Misery's Company.
25. Otaku.
I see, now, the
shells we both became.
Hollow and so cold.
I spent so much time
trying to revive something
that was long gone.
So many nights alone.
Screaming and begging
for the pain to stop.
The aching in my chest
almost too painful to bare.
I was grasping at straws.
But all I found were ghosts.
Trying to bargain with the devil.
Offering my soul in exchange
for one more moment with you.
One more passing glance.
One more..
Just one more..
Look at me.
All I yearned for was
for you to look at me.
But how could I survive
without my home?
You made me so warm.
It wasn’t easy,
it never was.
I just wanted it to be easy.
I wanted so very much
for us.
For you.
For me.
But our glass house
toppled.
And it’s been so hard
for me to find the words
to say.
It’s cold without you,
still.
But time has eased
the pain.
I’m a little warmer now.
But there will always
be a chill
when I enter a room,
Knowing that your
love is absent from it.
And I am okay with a breeze.
It’s been a while.
Everything is slipping.
I’m slipping.
Everyone says it gets better.
But every day I’m losing my grip.
Every day I find another reason to let go.

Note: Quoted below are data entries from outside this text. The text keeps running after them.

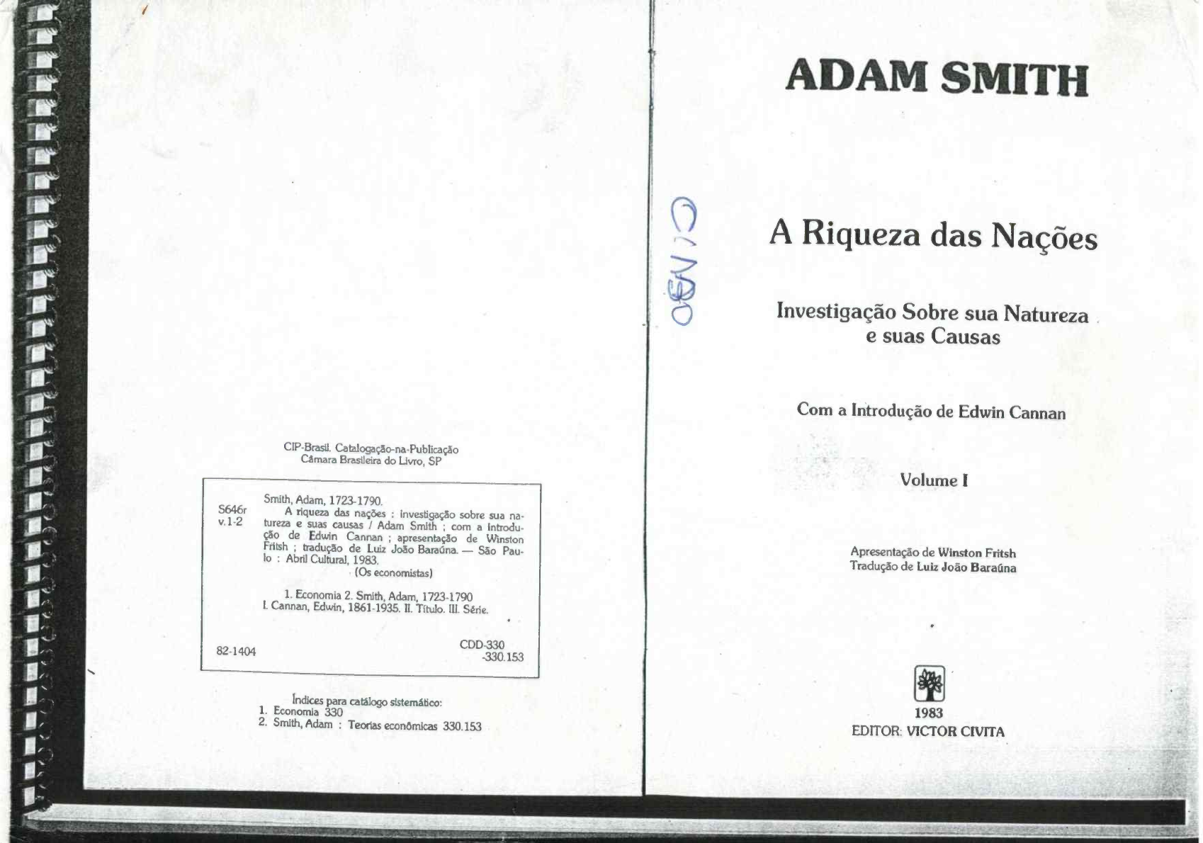 tureza e suas causas I Adam Smith ; com a Introdu-
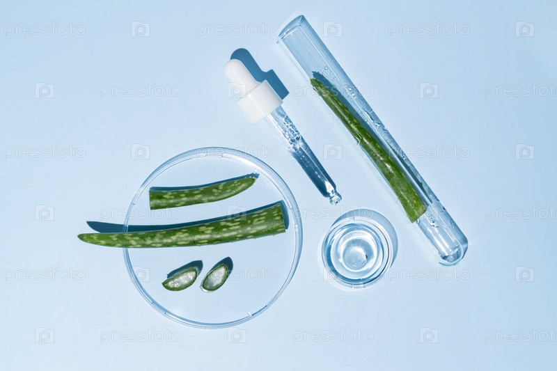 Гель или экстракт алоэ вера с помощью лабораторного оборудования, стеклянной посуды. Органическая зеленая косметика, уход за собой, концепция ухода за красотой на синем фоне с копировальным пространством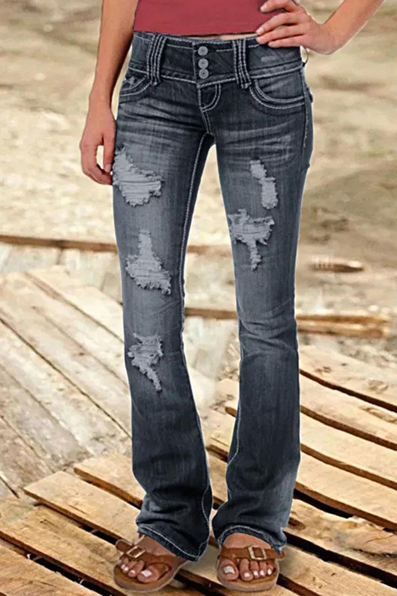 Жените деним нисък ръст реколта ниско покачване изтръгнат бутон дънки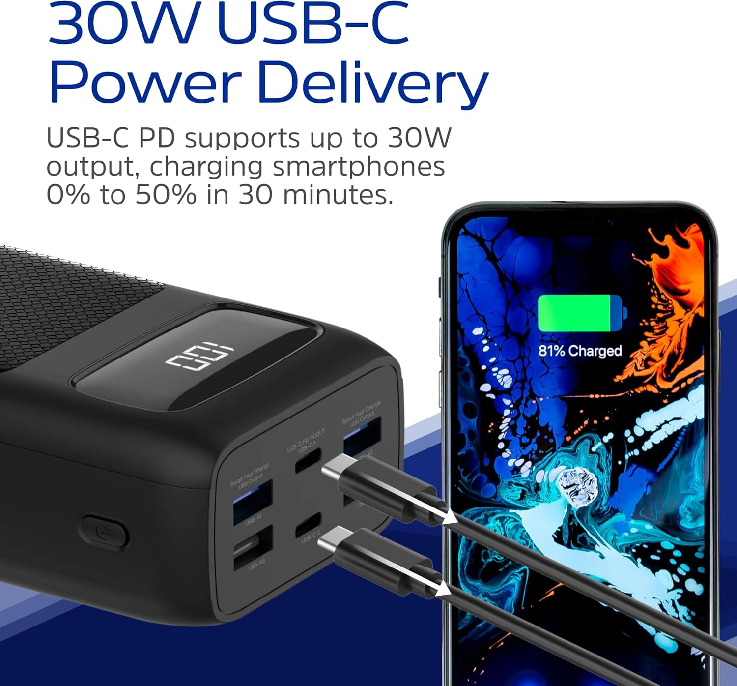 | سرعة الشحن للباور بانك | يدعم الإدخال السريع (غالباً $18\text{W}$) لتقليل وقت إعادة شحن البطارية الكبيرة. |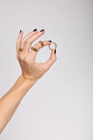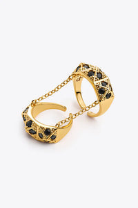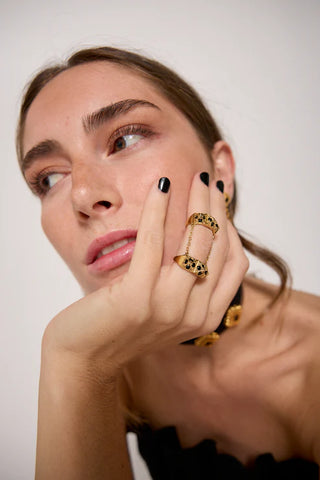 Hasta ahora, el anillo más sofisticado e innovador que hemos diseñado hasta la fecha. Dos anillos unidos entre sí por dos cadenas, de latón bañado en oro de 24 kt. Cada anillo está compuesto por doce circonitas negras engarzadas en una estructura con detalles hechos a mano de manera artesanal. Se aconseja evitar el contacto con perfumes, cremas, jabones y agua. Para conservar el brillo de la pieza te recomendamos limpiarla usando el paño suave que incluimos junto con la pieza.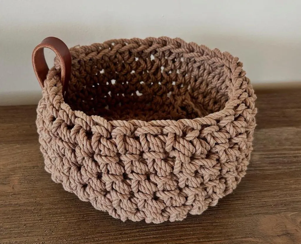 Change up the typical crochet basket with Brenn, our fabulous 5mm recycled cotton rope and a little leather side handle for a modern and clean look. The natural texture and reflective nature of the rope, plus it's sturdy structure, make this the perfect basket for any and everything! Make it up quickly in a couple of hours, full pattern video and instruction includes tips on how to make it even bigger!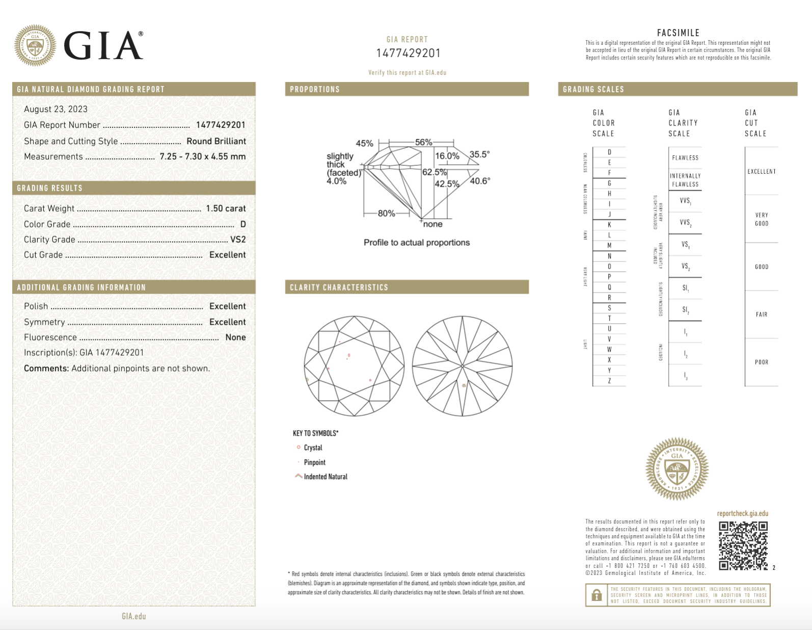 Round 1.50ct D VS2 3EX None 7.25 - 7.30 x 4.55 G

The thought of being alone in the world.
The sheer hollowness enveloping me.
I think it’s time.
I think it’s time to let go.
The pain outweighs the fear of falling.
Outweighs the unknown that awaits me.
I think it’s time.
You never expect for the person you love to wake up one day and tell you that they don’t love you anymore. But it can happen.
People will tell you how to grieve and how to handle that loss, but they don’t know. They don’t know about your sleepless nights. How you’re up thinking about every mistake you’ve ever made. Thinking that maybe if you had done something different, this would be different. Maybe you were too stubborn. Put up too much of a fight. Maybe you were too distant and didn’t show you cared enough. Every night full of “maybe’s” and “what ifs,” but there’s no way to ever know for sure.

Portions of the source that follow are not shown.